◆ **YOUR GOAL**: An exact transcription is needed, beginning at the line with "VHS・8mm・miniDV等のダビング料金は1本990円(税込)からです。" and ending at the last line of the listing, with pictures left out and nothing else added.

◆ **INFORMATION SHOWN**:
-------------------------

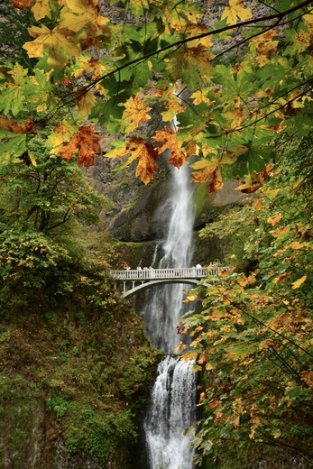 The Multnomah Falls are an icon in the Columbia River Gorge. This photo was taken in the fall before the Eagle Creek fire, when it was still green and lush.
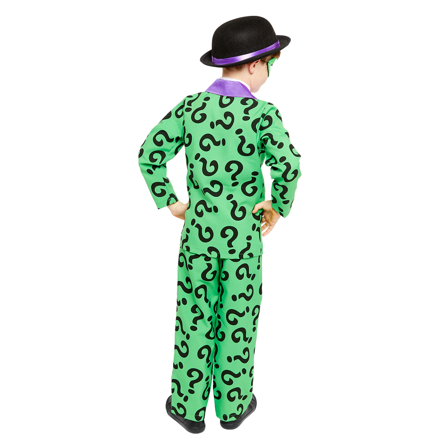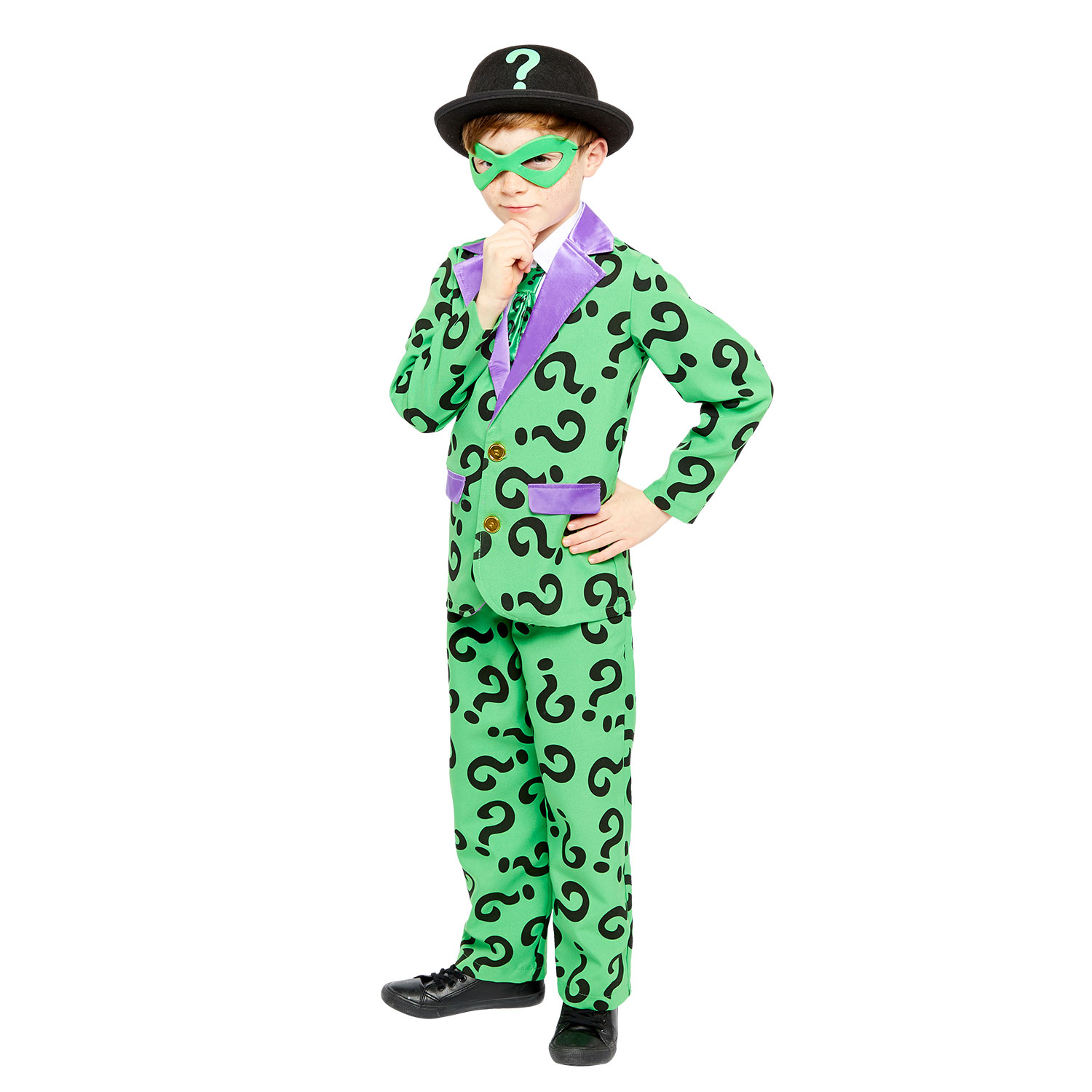 This Tweens The Riddler Costume includes a jacket and trousers with a mock shirt and tie. To complete the look a molded hate and eye mask are also included.
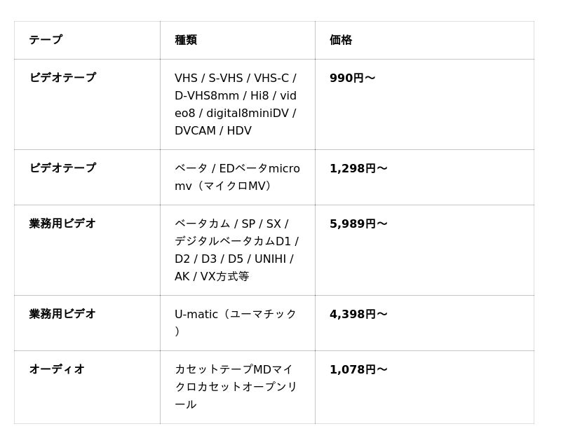 VHS・8mm・miniDV等のダビング料金は1本990円(税込)からです。
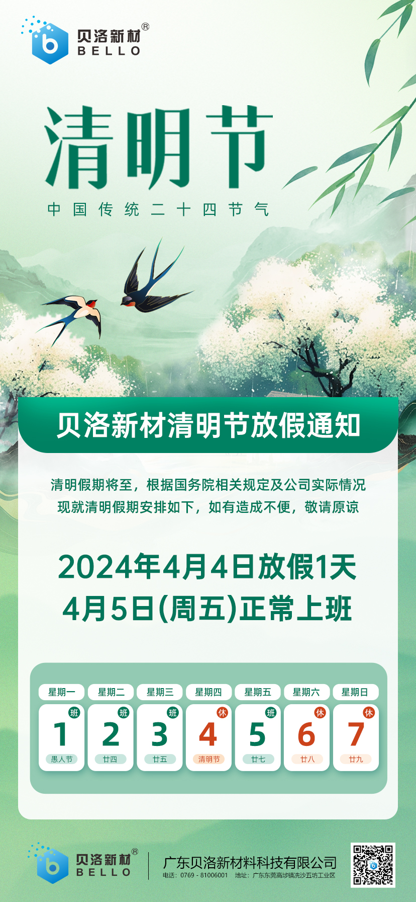 貝洛新材清明放假通知

-------------------------

◆ **EXERCISE OUTPUT**:
 VHS・8mm・miniDV等のダビング料金は1本990円(税込)からです。
 貝洛新材清明放假通知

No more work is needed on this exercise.